■ WHAT TO WORK ON:
Pull out every line from the line containing "2025 Arts in" through the end of the material, both ends included, and reproduce it exactly. Keep pictures out.

■ INFORMATION SUPPLIED:
◆ ◆ ◆
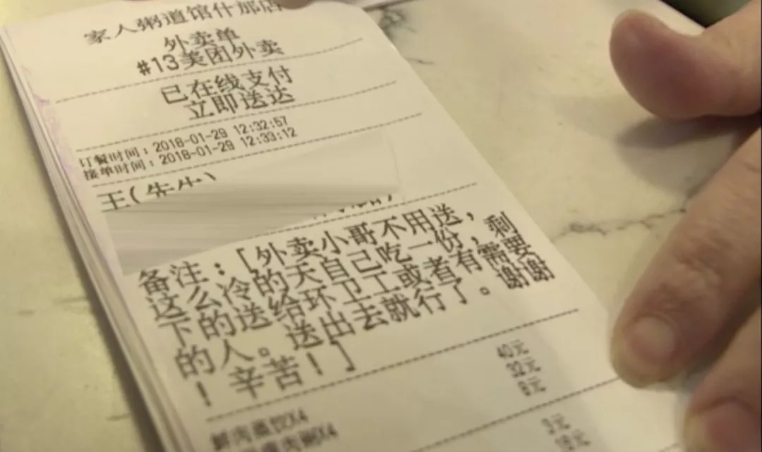 2018年1月29日,四川德阳,一名外卖小哥接到一份没有收货人、没有具体地址的外卖订单,“外卖小哥不用送,这么冷的天自己吃一份,剩下的送给环卫工或者有需要的人。送出去就行。谢谢!辛苦!”
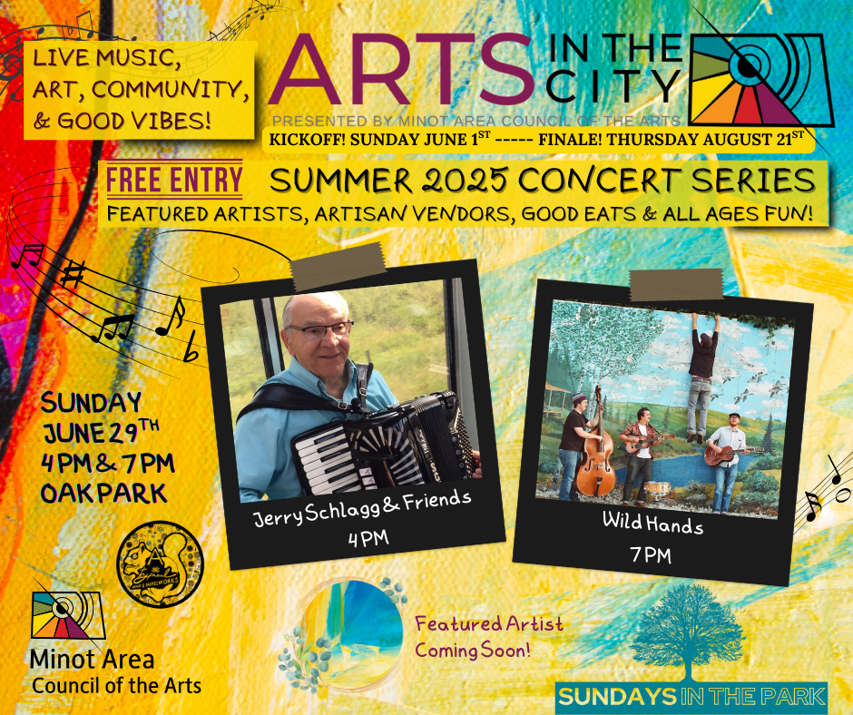 2025 Arts in the City – Jun 29th Oak Park 4:00 pm Jerry Schlagg & Friends 7:00 pm Wild Hands + Add to Google Calendar + iCal / Outlook export Tags: Jerry Schlagg & Friends, Wild Hands Date Jun 29 2025 Expired! Time 4:00 pm - 7:00 pm Location Oak Park Category Arts in the City Organizer MACA Share this event
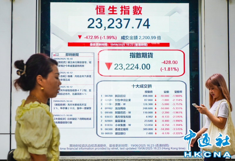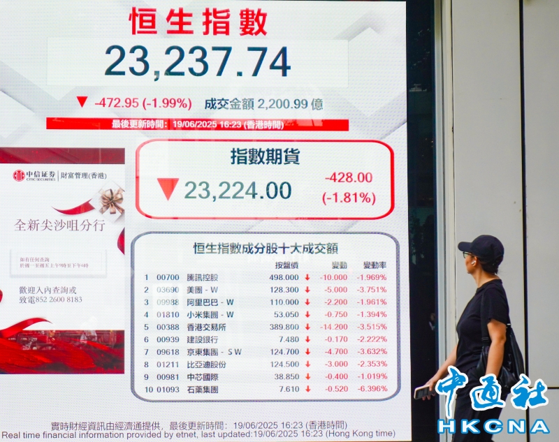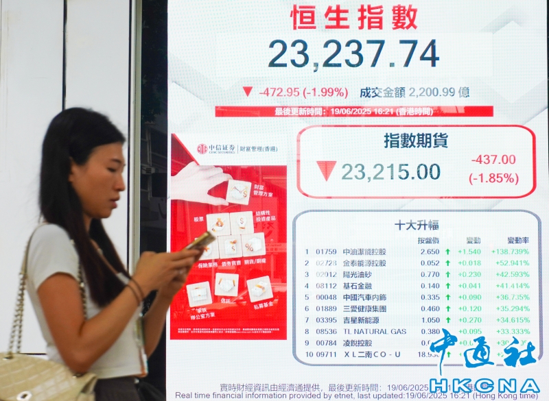 香港恒生指數跌472點 報23237點分享到:
◆ ◆ ◆
■ RESPONSE FOR THIS EXERCISE:
 2025 Arts in the City – Jun 29th Oak Park 4:00 pm Jerry Schlagg & Friends 7:00 pm Wild Hands + Add to Google Calendar + iCal / Outlook export Tags: Jerry Schlagg & Friends, Wild Hands Date Jun 29 2025 Expired! Time 4:00 pm - 7:00 pm Location Oak Park Category Arts in the City Organizer MACA Share this event
 香港恒生指數跌472點 報23237點分享到:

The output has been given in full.